Data segment:

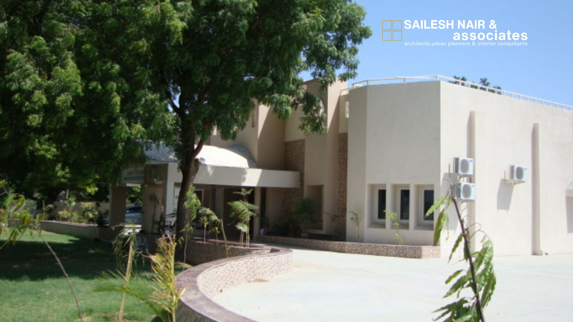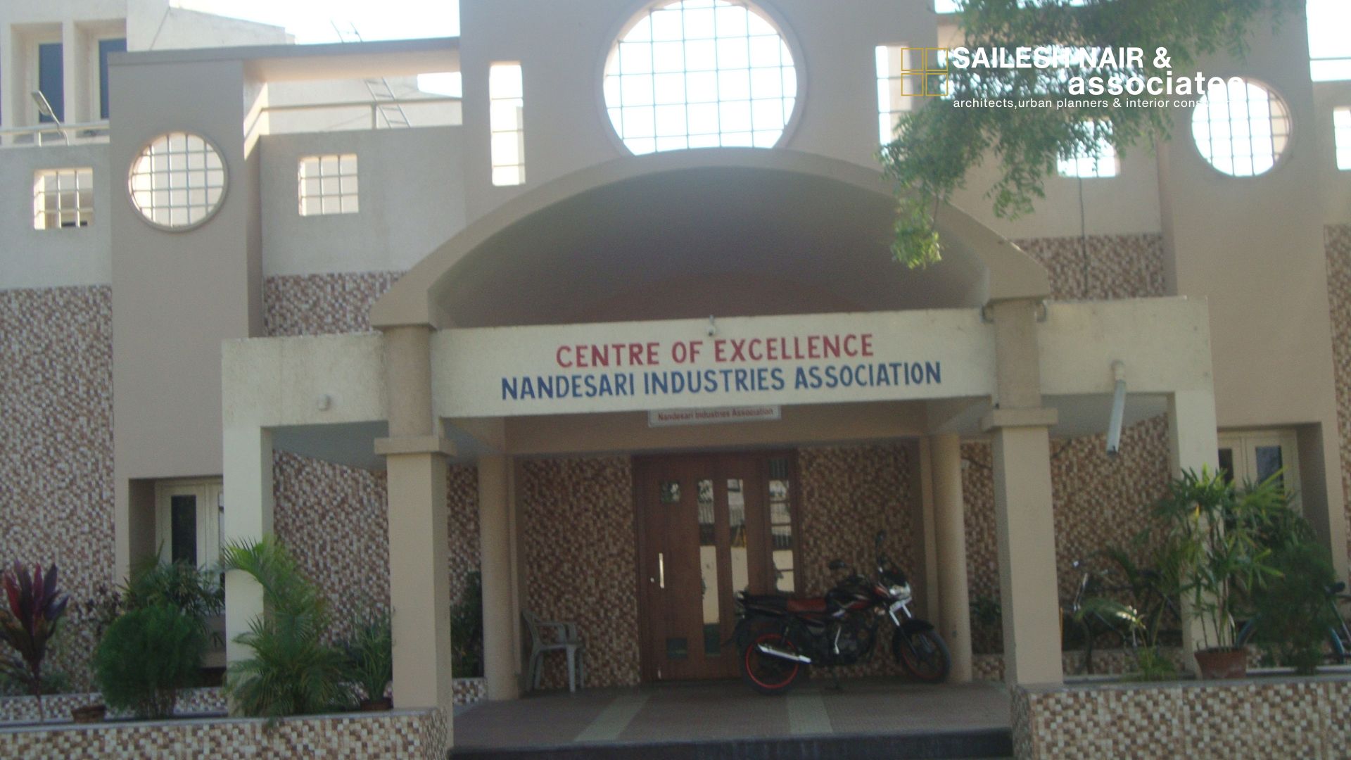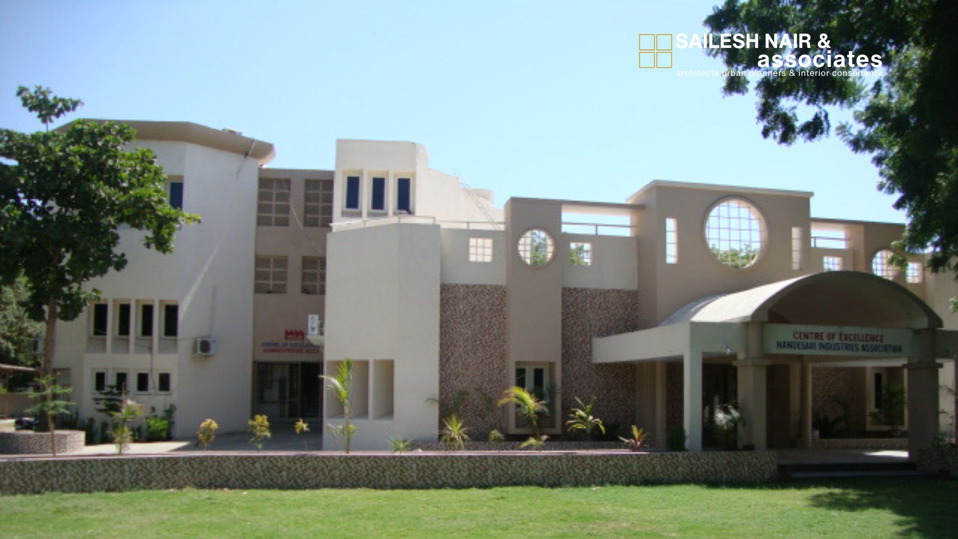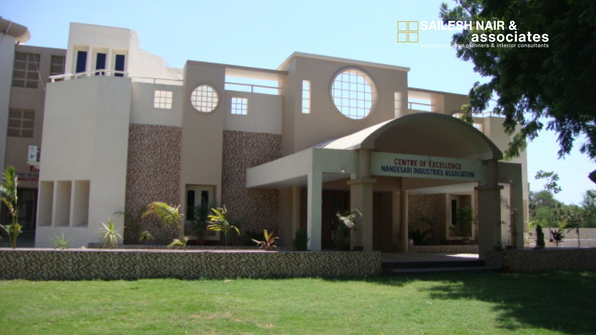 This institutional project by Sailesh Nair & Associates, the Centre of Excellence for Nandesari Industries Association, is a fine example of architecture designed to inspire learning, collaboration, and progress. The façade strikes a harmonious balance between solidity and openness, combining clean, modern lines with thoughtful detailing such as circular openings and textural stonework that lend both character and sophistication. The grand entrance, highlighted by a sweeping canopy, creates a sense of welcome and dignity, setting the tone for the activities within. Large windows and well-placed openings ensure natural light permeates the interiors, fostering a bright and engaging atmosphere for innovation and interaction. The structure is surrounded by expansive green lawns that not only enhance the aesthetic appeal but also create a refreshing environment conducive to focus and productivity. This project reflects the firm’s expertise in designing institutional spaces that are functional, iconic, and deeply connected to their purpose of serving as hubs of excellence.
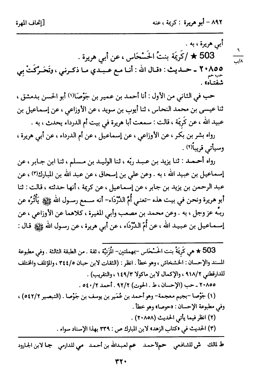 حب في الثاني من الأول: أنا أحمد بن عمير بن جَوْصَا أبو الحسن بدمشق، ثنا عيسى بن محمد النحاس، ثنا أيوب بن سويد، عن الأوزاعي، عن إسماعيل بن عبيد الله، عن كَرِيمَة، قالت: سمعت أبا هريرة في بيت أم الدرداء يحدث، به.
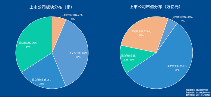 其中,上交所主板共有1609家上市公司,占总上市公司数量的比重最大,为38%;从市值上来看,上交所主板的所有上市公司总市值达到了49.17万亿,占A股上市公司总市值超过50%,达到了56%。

Assignment: The answer is the listing above restated word for word, pictures removed.

Task solution:
 This institutional project by Sailesh Nair & Associates, the Centre of Excellence for Nandesari Industries Association, is a fine example of architecture designed to inspire learning, collaboration, and progress. The façade strikes a harmonious balance between solidity and openness, combining clean, modern lines with thoughtful detailing such as circular openings and textural stonework that lend both character and sophistication. The grand entrance, highlighted by a sweeping canopy, creates a sense of welcome and dignity, setting the tone for the activities within. Large windows and well-placed openings ensure natural light permeates the interiors, fostering a bright and engaging atmosphere for innovation and interaction. The structure is surrounded by expansive green lawns that not only enhance the aesthetic appeal but also create a refreshing environment conducive to focus and productivity. This project reflects the firm’s expertise in designing institutional spaces that are functional, iconic, and deeply connected to their purpose of serving as hubs of excellence.
 حب في الثاني من الأول: أنا أحمد بن عمير بن جَوْصَا أبو الحسن بدمشق، ثنا عيسى بن محمد النحاس، ثنا أيوب بن سويد، عن الأوزاعي، عن إسماعيل بن عبيد الله، عن كَرِيمَة، قالت: سمعت أبا هريرة في بيت أم الدرداء يحدث، به.
 其中,上交所主板共有1609家上市公司,占总上市公司数量的比重最大,为38%;从市值上来看,上交所主板的所有上市公司总市值达到了49.17万亿,占A股上市公司总市值超过50%,达到了56%。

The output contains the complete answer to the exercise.